PROBLEM » Begin at the line below that has "Dans un futur" and stop after the line that has "Early 20thc CHRISTMAS". Please restate only those lines, word for word.

DATA LISTING »
§
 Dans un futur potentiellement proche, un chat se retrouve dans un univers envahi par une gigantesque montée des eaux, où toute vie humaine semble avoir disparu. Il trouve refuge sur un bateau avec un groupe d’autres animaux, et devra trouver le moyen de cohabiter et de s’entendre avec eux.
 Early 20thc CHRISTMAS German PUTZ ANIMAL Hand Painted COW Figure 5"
§
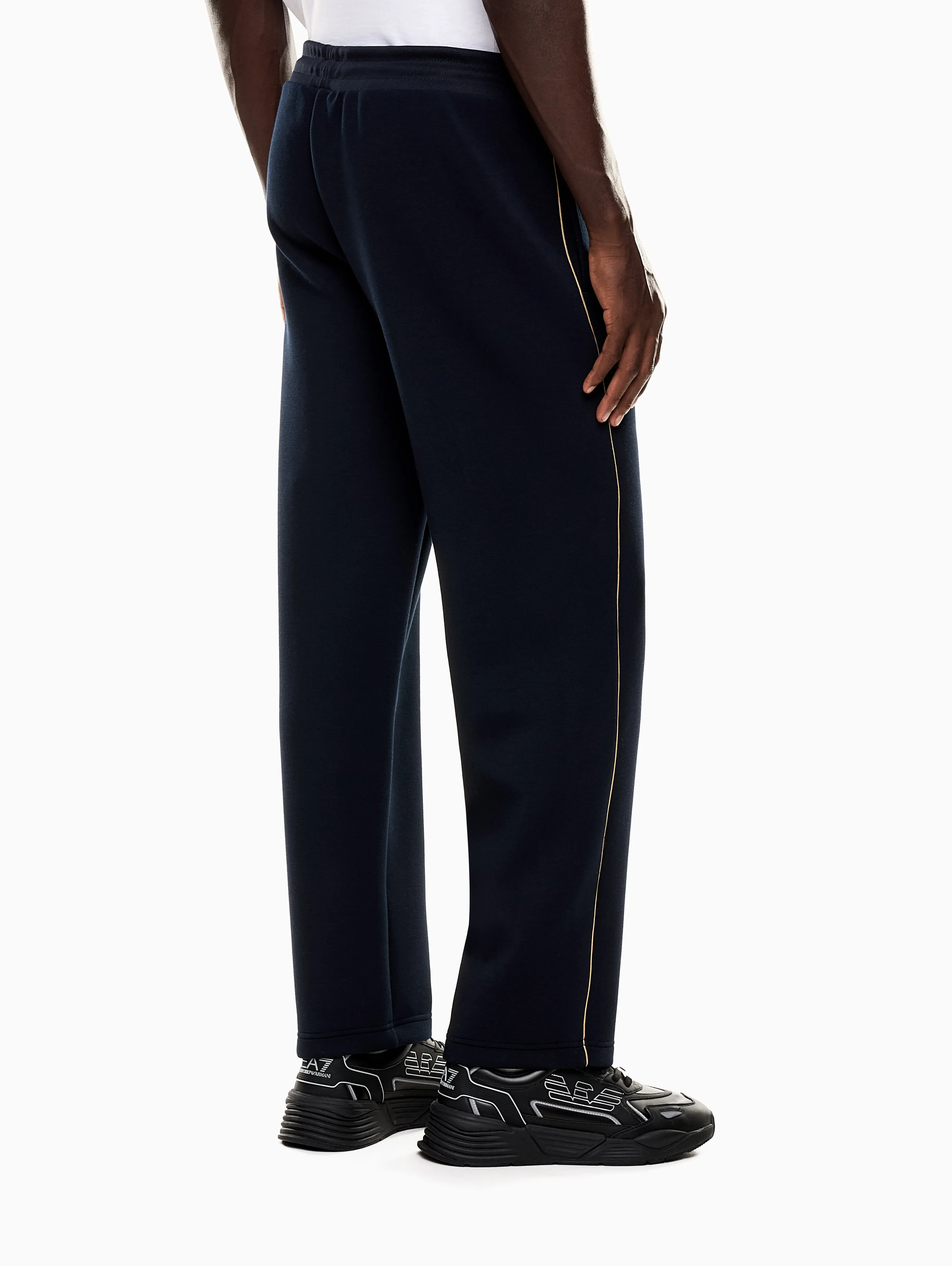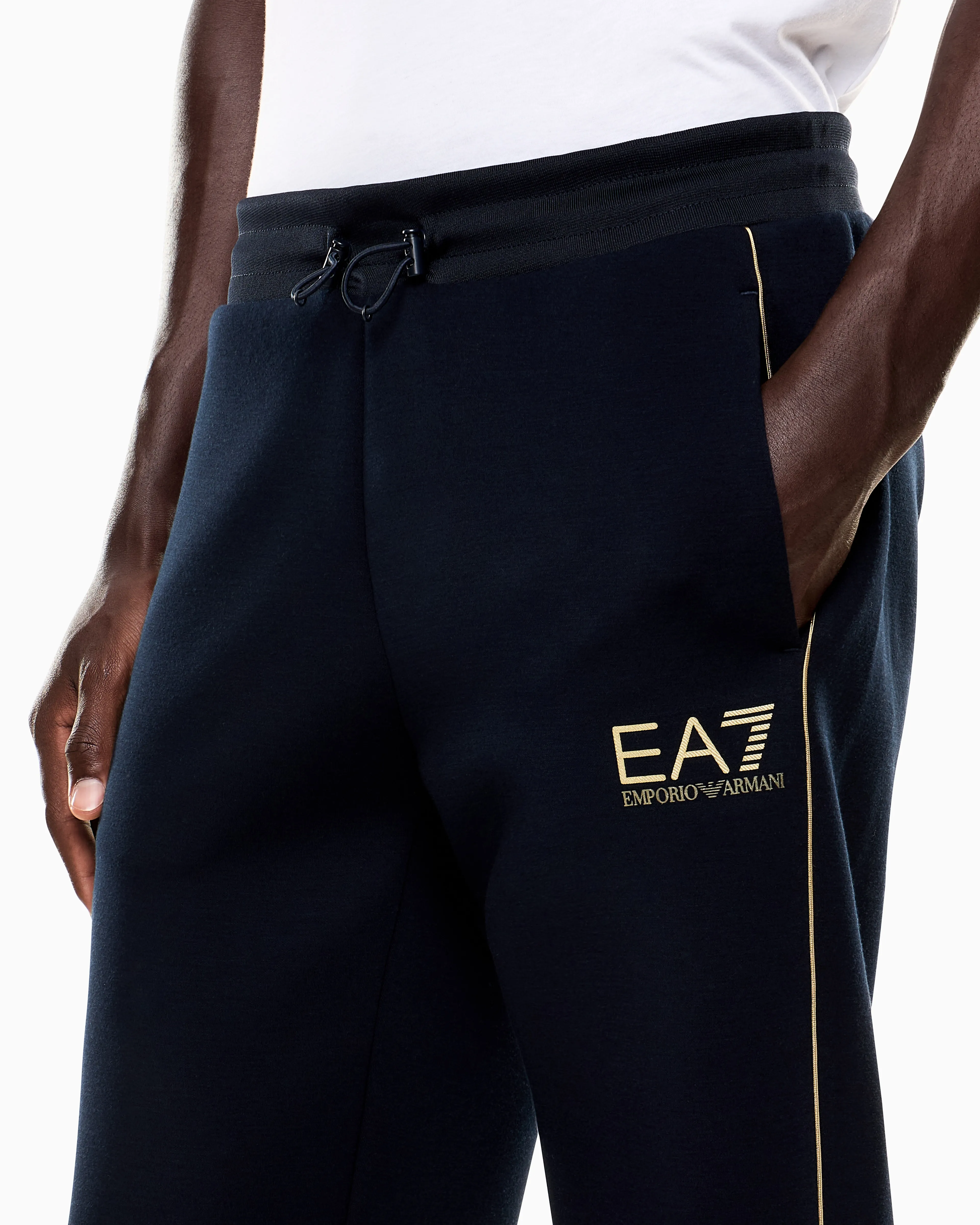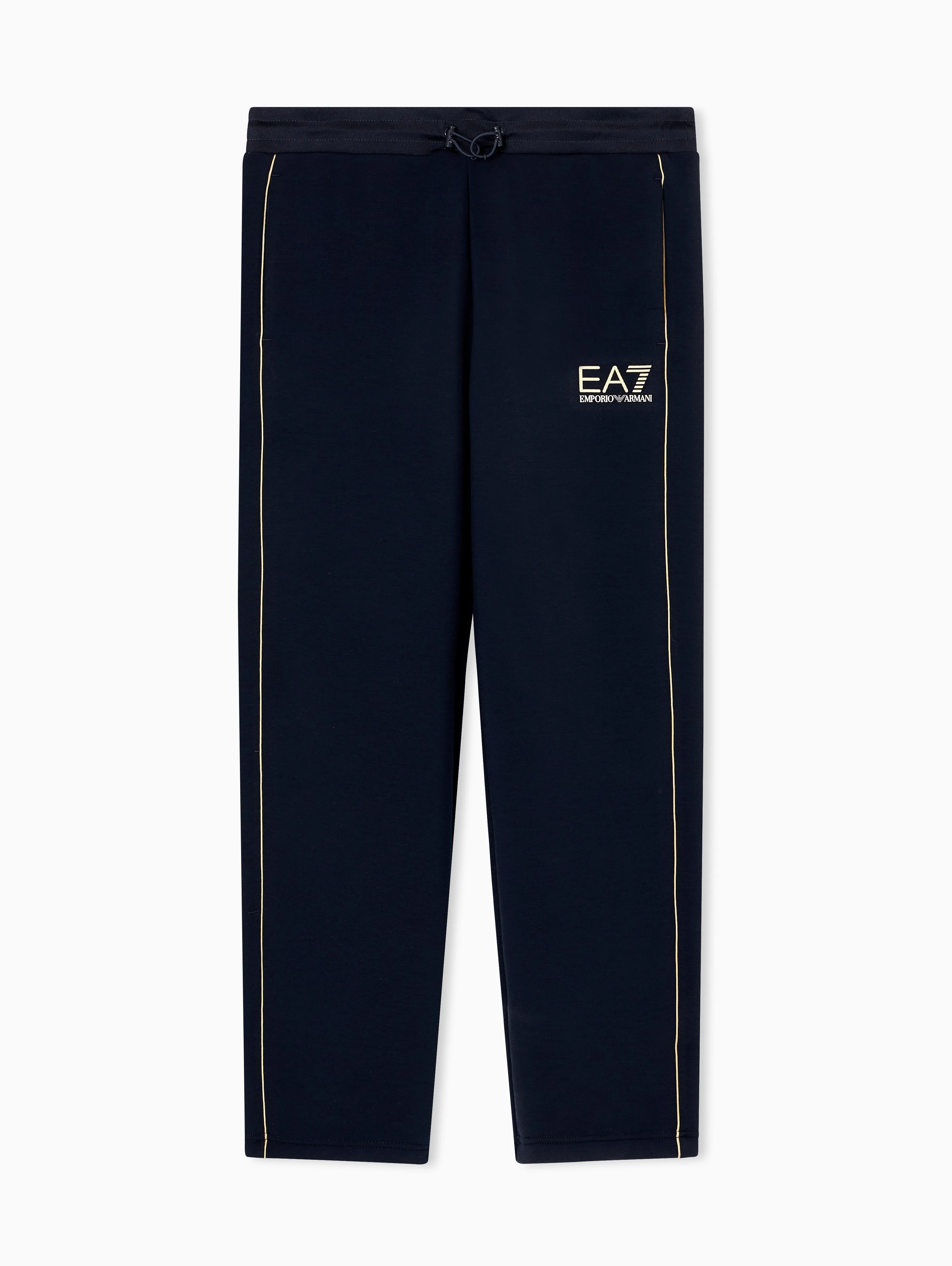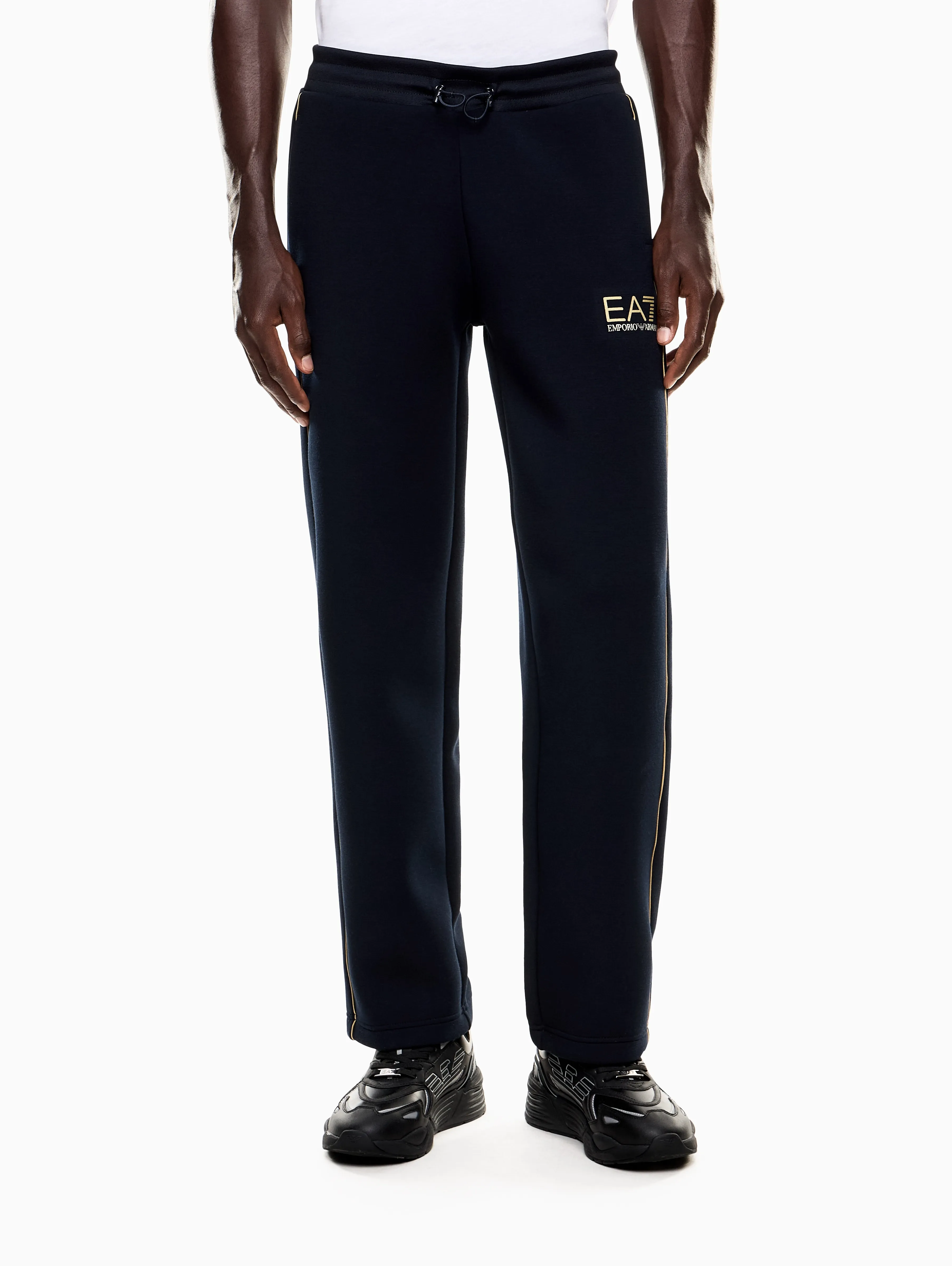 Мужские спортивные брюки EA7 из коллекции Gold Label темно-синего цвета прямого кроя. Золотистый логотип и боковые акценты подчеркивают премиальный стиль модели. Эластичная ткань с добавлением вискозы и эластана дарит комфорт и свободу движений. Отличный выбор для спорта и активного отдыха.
§
ANSWER TO THIS PROBLEM »
 Dans un futur potentiellement proche, un chat se retrouve dans un univers envahi par une gigantesque montée des eaux, où toute vie humaine semble avoir disparu. Il trouve refuge sur un bateau avec un groupe d’autres animaux, et devra trouver le moyen de cohabiter et de s’entendre avec eux.
 Early 20thc CHRISTMAS German PUTZ ANIMAL Hand Painted COW Figure 5"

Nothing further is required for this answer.